Alteration of dorsal root ganglion P2X₃ receptor expression and function following spinal nerve ligation in the rat

Abstract.

One subtype of ATP-gated ion channel, the P2X₃ receptor, is expressed primarily on peripheral sensory neurons. While it is known that P2X₃ receptors can participate in certain forms of nociceptive signaling, their involvement in neuropathic pain transmission is not known. We have examined the expression and function of P2X₃ receptors in a rat spinal nerve ligation model of neuropathic pain. Fourteen days following L5/L6 spinal nerve ligation, the corresponding dorsal root ganglia (DRG) were removed from animals exhibiting mechanical allodynia, and these were studied using immunohistochemical and electrophysiological techniques. Using a polyclonal antibody to label the P2X₃ receptor, a significant reduction in neuronal P2X₃ immunoreactivity was observed in the ipsilateral (injured) L5 and L6 DRG following nerve ligation. In vitro electrophysiological analysis of acutely isolated DRG neurons revealed a similar decrease in functional P2X₃-containing receptors. In small diameter (22–25 µm) neurons, a significant reduction in the number of cells exhibiting a response to α,β-meATP was observed.
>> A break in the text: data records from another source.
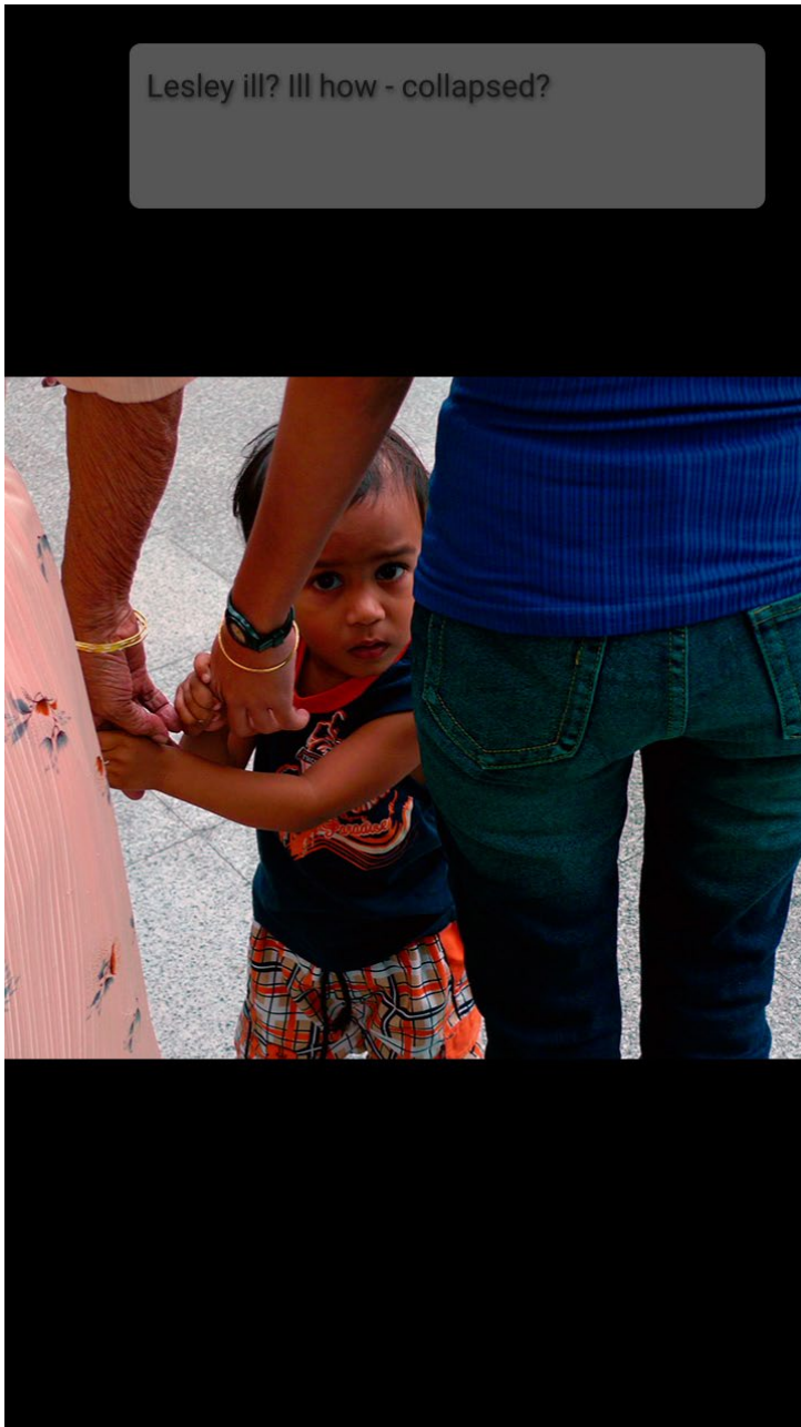
Fig. 26.8 Roshini Kempadoo, Screen still from the artwork 'Face Up', 2015. Deirdre 05 © Roshini Kempadoo.
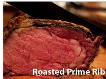
Roasted Prime Rib

Member: Adult $590p.p./Children $290p.p. (3-11 years) Non-Member: Adult $690p.p./Children $390p.p. (3-11 years)
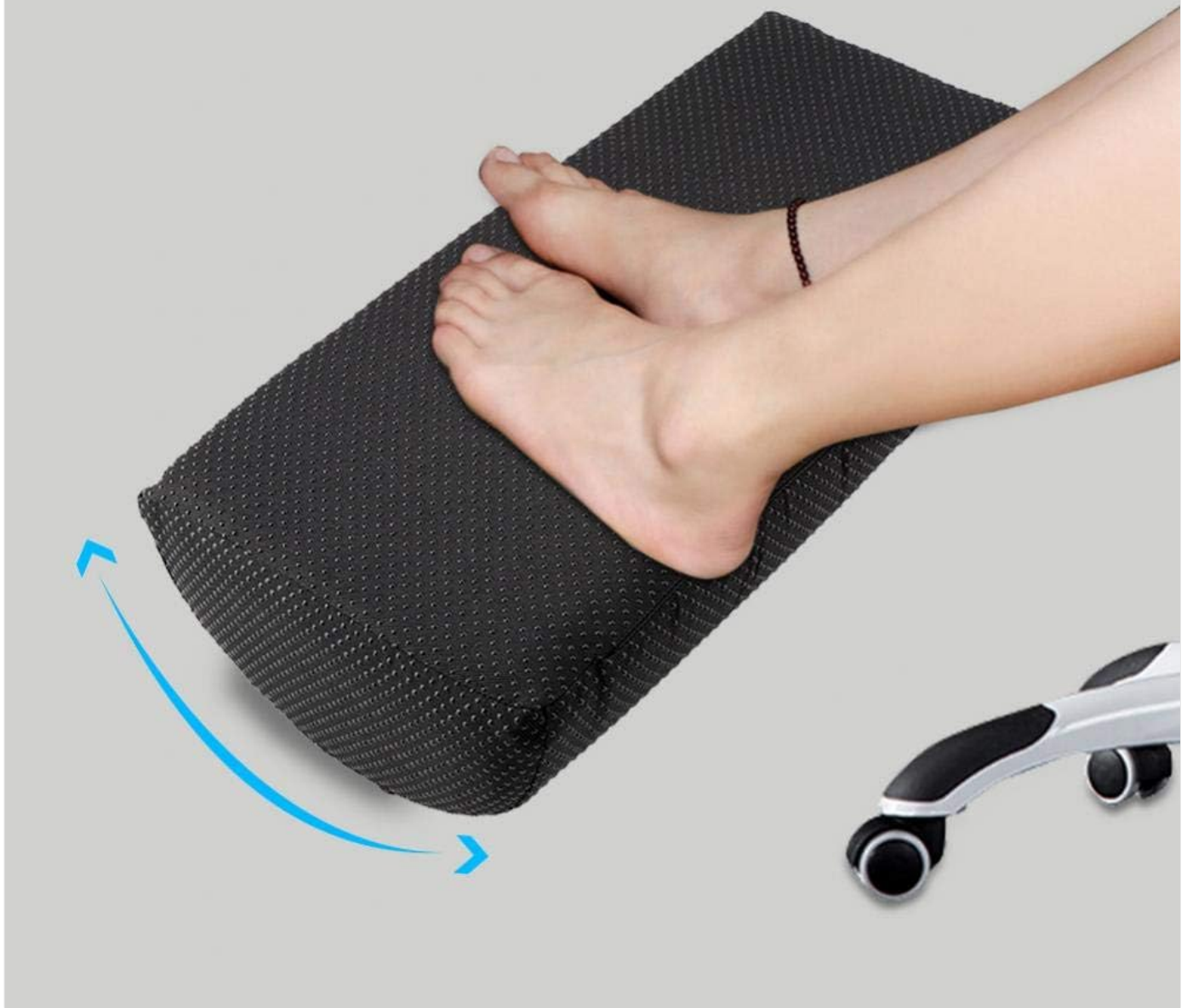
Image: A close-up of feet on the foot rest cushion, highlighting the soft, supportive surface provided by the high-density sponge.

Uses high dense sponge, super soft and provides extreme comfort to your foot.

However, a subset of small diameter neurons retained P2X₃ responses of equal amplitude to those recorded from naive and sham control DRG neurons. Interestingly, P2X₃ immunoreactivity and P2X₃-like responses were also detected in a subset of larger diameter (50 µm) neurons and the number and amplitude of these responses were unchanged after spinal nerve ligation. These results suggest that, while there appears to be a decrease in fast desensitizing P2X₃ receptors following L5/L6 nerve ligation injury, certain subsets of small and large DRG neurons maintain normal P2X₃ receptor expression and function. These remaining receptors may provide a P2X₃ receptor-mediated component to neuropathic pain.